First, disabling Spotlight completely to keep it from indexing stuff over the network. Then redirecting ~/Library/Caches, and then more and more redirects since Microsoft and Adobe play the easy “card” of “We don’t support working over the network”. While most things would work, they wouldn’t work perfectly. As Leopard (10.4) aged, things got sketchier as I found a really annoying bug in AFP that we hit, but didn’t get addressed until Snow Leopard (10.6). Which, we addressed by upgrading the servers to 10.6, but the clients stayed on 10.5, and continued to use NHDs. NHDs would have been completely useless if it hadn’t been for Network Home Redirector (NHR) from Jeff Ochsner. I contributed a bit, but mostly, used it fairly vanilla.
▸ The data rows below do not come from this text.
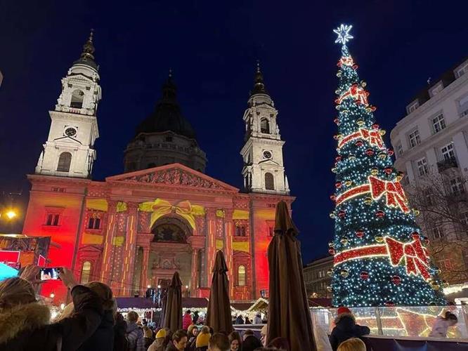 今年圣伊什特万大教堂前的圣诞树依旧很亮眼,老城区广场一片热闹。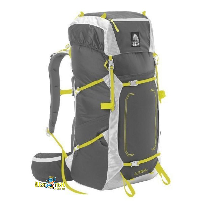 Когда необходим один универсальный рюкзак, расcчитанный как на транспортировку тяжелого снаряжения, так и на однодневные походы, ультралегкий, но при этом имеющий жесткий каркас, с идеальной посадкой для каждого пользователя, в поле зрения попадает Granite Gear Lutsen 55 L/XL Flint/Chromium/Neolime. Такие решения, как съемный набедренный пояс с регулировкой длины крыльев боковой поддержки, съемный верхний клапан, съемный каркас, регулируемая высота подвеса плечевых шлеек, и другие стандартные регулировки позволят кастомизировать рюкзак под конкретного пользователя, и, при необходимости, снизить вес рюкзака. Высокая степень водозащиты достигнута за счет внутреннего силиконизированного и внешнего водоотталкивающего покрытия. Семь внешних карманов различной ёмкости предназначены для размещения экипировки от складного ножа до небольшой треккинговой палатки. Треккинговые палки и ледорубы удобно крепить на нижних петлях, фиксируя верхними стяжками. Поясная поддержка и нагрудная стяжка обеспечат полную стабилизацию и распределения веса во время движения. Сворачиваемая и фиксируемая фастексами горловина рюкзака надежно защищает вещи от намокания даже во время интенсивных осадков. Наиболее компактных размеров упакованного рюкзака можно добиться с помощью семи компрессионных стяжек, размещенных по бокам, на фасаде и сверху рюкзака. Они же позволяют закрепить значительное количество дополнительного снаряжения на фасаде рюкзака.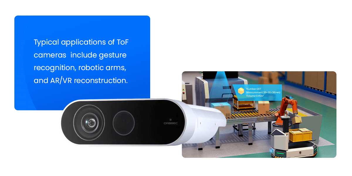 ToF cameras are less sensitive to texture and lighting variations than stereo vision, but they usually have lower spatial resolution. Their typical applications include gesture recognition, robotic arms, and AR/VR reconstruction. Other time-of-flight applications include industrial automation, healthcare, and automotive safety.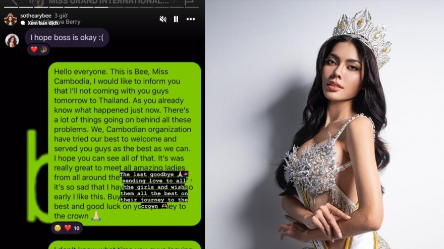 VOV.VN - Trưa 7/10, Miss Grand Campuchia Sotheary Bee đăng tải story trên Instagram, thông báo về việc mình sẽ không tiếp tục dự thi Miss Grand International 2024 và không cùng các thí sinh khác đến Thái Lan.

But, things just didn’t work well. Programs were slow, someone accidentally capturing in Final Cut Pro to their Documents folder would slow everyone to a crawl, and we had to enforce user quotas to keep usage in check. And user quotas would cause problems with student groups that needed to share larger files.
So, after 7 years of things “working”, we finally bit the bullet this last summer break, and moved everyone over to Portable Home Directories, with Preference syncing. Basically, users still get a consistent user experience, but their files don’t travel with them. We did this largely because: 1. Thumb drives are cheap. 2. Incoming students are required to purchase external HDs. and 3. Dropbox, gmail, etc are all good ways to move files around.